Another important factor in choosing a crossing-place was the gradient of the bank, both at the place where the animals entered the water and the likely place where they would reach the opposite bank (which might vary according to the prevailing strength of the current).  A reasonably steady gradient was particularly important at the place where the stock emerged from the river, to ensure that the animals could do so quickly enough to prevent crowding of those following in the water.  Congestion of the stock as they were crossing would increase the possibility that animals could be caught in the current and dispersed further downstream or possibly drowned.  Relatively wide entrance and exit points with suitable gradients were ideal.  Once a particular location began to be used as a crossing-place the abrasive action of thousands of hooves upon the river banks had a shaping effect on the bank structures, with a tendency to smooth rough edges and even-out the gradients between the river and surrounding plain.  In this manner much-used crossing-places were shaped and became progressively more suited to their purpose.
 
Lang's Crossing-place also had an additional natural advantage in that the location was relatively accessible during flood events.  This was probably due to the particular features of the surrounding topography; the configuration of creeks and other low-lying areas in the district and high-ground in the vicinity of the crossing-place allowed reasonable access to the crossing-place when the Murrumbidgee overflowed its banks.  When the Murrumbidgee River flooded in October 1858 the Lower Murrumbidgee correspondent to the Sydney Morning Herald, George Boase[4], made these comments:
It has long been almost universally admitted, that Lang's is the only really good spot on the Lower Murrumbidgee for a main crossing-place, although, up to the present moment, the Government have not taken any steps to accommodate the public by proclaiming it as a public thoroughfare.  This flood has proved, more than ever, that Lang's is the place, as mobs of fat cattle and wool teams, after making vain efforts to cross the river at other spots lower down, have been forced to go there at last, as the only locality where a safe crossing-place could be found.[5]
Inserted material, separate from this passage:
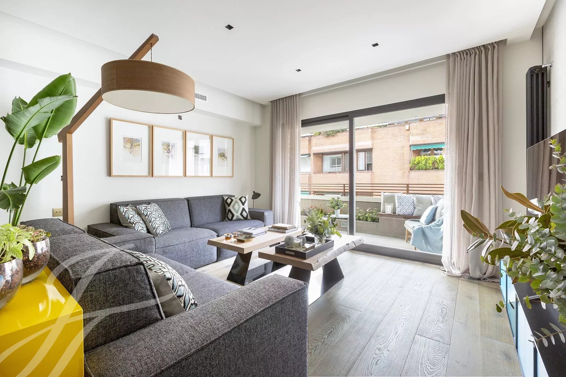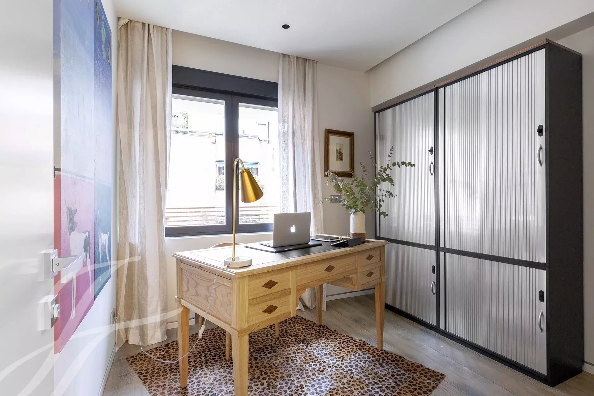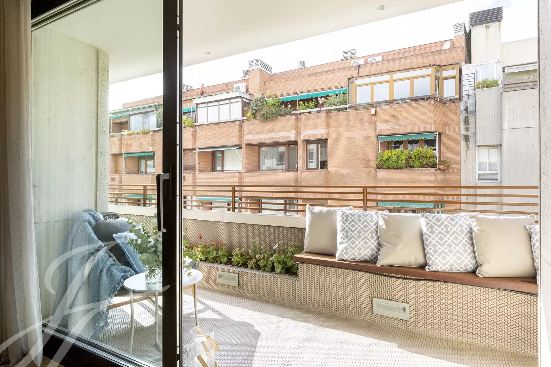 Beautiful apartment recently renovated with exquisite taste and modern style by the architecture studio Amodal where every detail has been taken care of with meticulous attention. It is necessary to emphasize the excellent project of illumination that, together with the noble materials and the well chosen furniture, provides a contemporary and cosy atmosphere.Located on a fifth floor, this property enjoys a magnificent natural light thanks to its large windows and its terrace overlooking the street.It has a large master bedroom with a street window, walk-in closet and a beautiful large bathroom with separate bathtub and shower. Another bedroom with two folding beds and a large study table. It also has a bedroom with built-in wardrobes and another one for guests that could be used as an office, playroom, etc.. These bedrooms share a beautifully designed bathroom.Next to the kitchen, fully equipped with high quality appliances, we find a maid bedroom with its own bathroom and independent entrance door.The large living/dining room can be separated by metal sliding doors and has access to the terrace facing west.The apartment has ducted air conditioning, radiator heating (with individual meters) and concierge service.Located in Monte Esquinza Street, in the heart of the Almagro neighbourhood, this is an exceptional flat for your family to enjoy the best location in Madrid with all the amenities.For rent FURNISHED

Pastoral runs in the districts surrounding Lang's Crossing-place

Other nearby crossing-places did not have this advantage.  For example, another crossing-place lower down the Murrumbidgee (at the future location of Maude), was practically inaccessible when the river flooded its banks.  In April 1861, after the "new township named Maude" had been laid out, George Boase wrote about his misgivings for the future of the new settlement:
It is, however, very improbable that many buildings will ever be erected on the spot, as during a flood, or even when the river is very high, the spot can hardly be approached on account of the deep creeks which encircle it on both sides of the river.  For about six months during last year the spot was isolated, and no one approached it unless obliged to do so by urgent necessity.[6]
 
Stock routes
 
Tracks developed to and from a particular crossing-place as it became regularly used.  After a crossing-place had been chosen – for its location and as a place with banks allowing good access and exit for the stock – the crossing would become incorporated into the routes taken by stockmen.  One of the popular inland stock-routes that was well-established by the mid-1850s crossed the Murrumbidgee River at Lang's Crossing-place.  Stock movements at Lang's Crossing-place were primarily concerned with supply to the Victorian market in the wake of the gold-rushes which commenced in the early 1850s and the associated re-stocking of district runs.  The Riverina, as the prime fattening country closest to Victoria, developed as a sort of holding centre, from where the Victorian market could be supplied with livestock as required.  When local fat stock had been sold the pastoralists drew on breeding areas to the north and east (from the upper Darling, north of the Lachlan, the New England region and the hilly up-country to the east).  A pattern developed whereby the Riverina runs became steadily de-stocked by the end of summer before the inward movement of stock began again in the autumn (or earlier if there had been good rainfall).
 
Stock travelling to the western Riverina from the north and north-west typically converged at Dubbo, then on to the Bogan River and across to the Lachlan River near Condobolin.  The stock-route then followed the Lachlan to the vicinity of Lake Walgiers, before crossing the One-tree Plain to the Murrumbidgee River at Lang's Crossing-place.  Stock travelling further south crossed the Old Man Plain for distribution to runs along the Billabong Creek, or on to Deniliquin for the Edward and Murray frontage runs.  Stock being overlanded to Victoria from the western Riverina districts typically travelled to Maiden's Punt (Moama) where they crossed the Murray River.
 
The Lower Murrumbidgee correspondent to the Sydney Morning Herald, writing in 1858, was quite specific about the portion of the route between Lake Walgiers and Deniliquin:
On the existing route, which has now been used for about five years, the distances are as follows: – Higgins' station ["Ulonga"], on the Lachlan, to Cooladgerry, opposite to Lang's ["Mungadal" station], on the Murrumbidgee, 30 miles; Lang's to the Billabong, 42; thence to the Edwards River, 20, and 16 from thence to Deniliquin: total, 108 miles.[7]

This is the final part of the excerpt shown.